- _Listed records_:
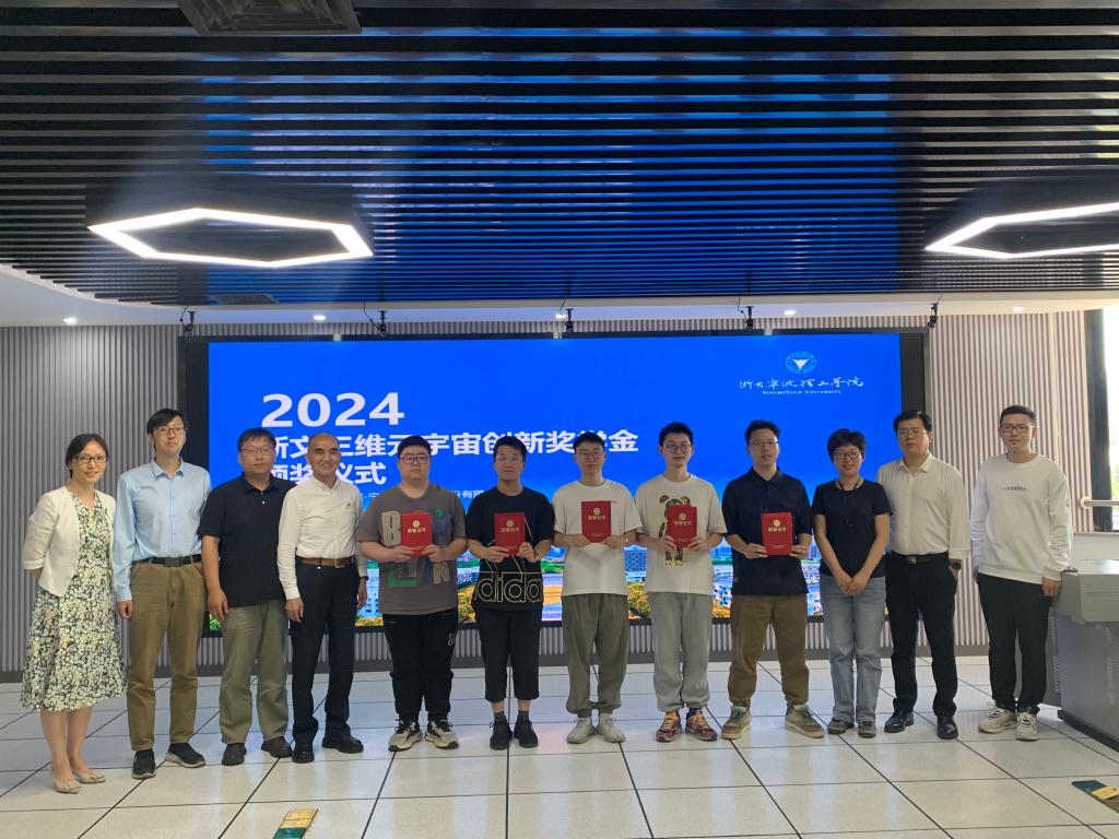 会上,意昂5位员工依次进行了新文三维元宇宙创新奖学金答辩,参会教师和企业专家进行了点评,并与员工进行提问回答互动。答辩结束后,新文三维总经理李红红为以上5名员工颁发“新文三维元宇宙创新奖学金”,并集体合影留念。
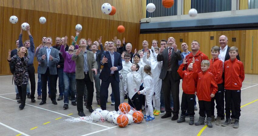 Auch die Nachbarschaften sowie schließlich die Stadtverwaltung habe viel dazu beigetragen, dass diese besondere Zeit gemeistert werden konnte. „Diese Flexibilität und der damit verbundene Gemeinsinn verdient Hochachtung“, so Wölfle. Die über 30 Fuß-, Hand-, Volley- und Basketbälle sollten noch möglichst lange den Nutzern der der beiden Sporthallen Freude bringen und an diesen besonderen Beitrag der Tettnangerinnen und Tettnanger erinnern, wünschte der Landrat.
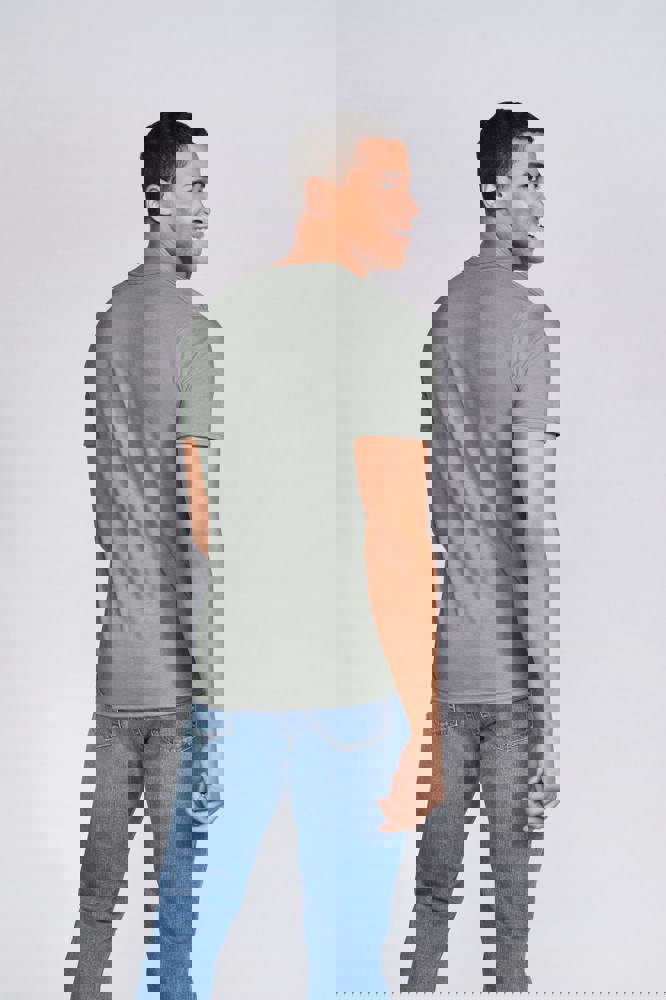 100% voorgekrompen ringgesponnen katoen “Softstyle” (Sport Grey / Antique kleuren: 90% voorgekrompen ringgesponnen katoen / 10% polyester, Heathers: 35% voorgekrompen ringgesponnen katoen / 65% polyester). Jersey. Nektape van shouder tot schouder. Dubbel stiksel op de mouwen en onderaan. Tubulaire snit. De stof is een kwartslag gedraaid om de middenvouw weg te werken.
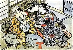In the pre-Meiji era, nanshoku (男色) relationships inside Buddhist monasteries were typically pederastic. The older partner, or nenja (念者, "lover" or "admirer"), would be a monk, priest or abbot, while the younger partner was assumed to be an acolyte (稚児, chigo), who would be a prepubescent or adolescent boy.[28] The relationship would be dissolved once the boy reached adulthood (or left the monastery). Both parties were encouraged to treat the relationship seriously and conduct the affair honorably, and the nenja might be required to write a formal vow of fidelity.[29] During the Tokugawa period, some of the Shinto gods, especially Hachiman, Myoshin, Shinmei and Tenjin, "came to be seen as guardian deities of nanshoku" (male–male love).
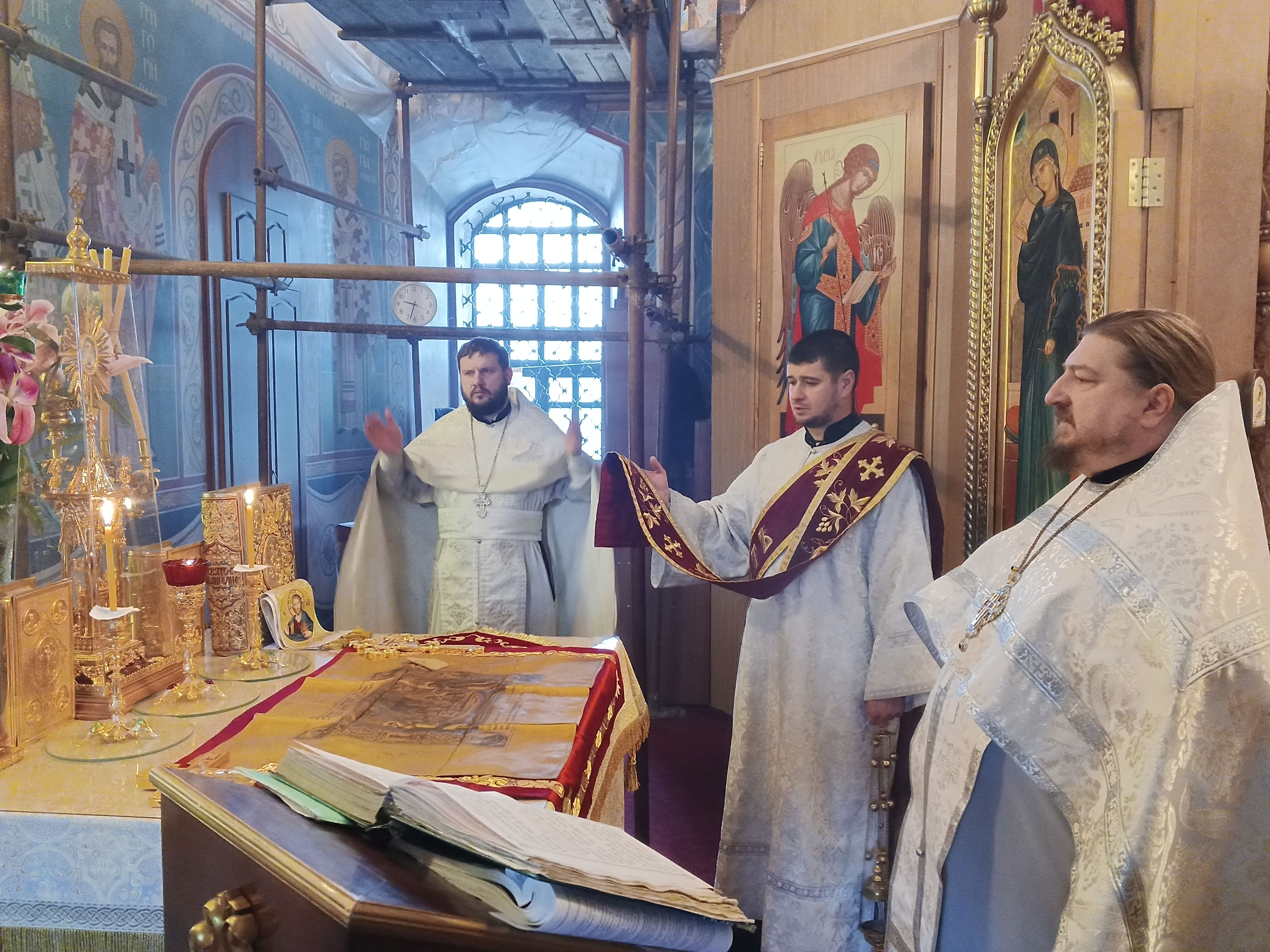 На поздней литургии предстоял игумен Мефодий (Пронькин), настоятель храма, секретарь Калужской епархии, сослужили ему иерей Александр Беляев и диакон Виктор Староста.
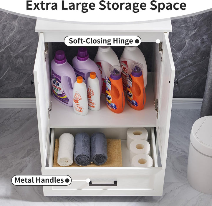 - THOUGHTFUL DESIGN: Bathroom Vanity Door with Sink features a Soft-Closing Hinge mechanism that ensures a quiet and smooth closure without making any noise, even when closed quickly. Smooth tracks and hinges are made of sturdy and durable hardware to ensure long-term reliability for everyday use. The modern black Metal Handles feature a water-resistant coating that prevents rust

- _Task details_:
Return the lines exactly, from the one containing "На поздней литургии" through the last line above, including both ends and excluding every picture.

- _Solution below_:
 На поздней литургии предстоял игумен Мефодий (Пронькин), настоятель храма, секретарь Калужской епархии, сослужили ему иерей Александр Беляев и диакон Виктор Староста.
 - THOUGHTFUL DESIGN: Bathroom Vanity Door with Sink features a Soft-Closing Hinge mechanism that ensures a quiet and smooth closure without making any noise, even when closed quickly. Smooth tracks and hinges are made of sturdy and durable hardware to ensure long-term reliability for everyday use. The modern black Metal Handles feature a water-resistant coating that prevents rust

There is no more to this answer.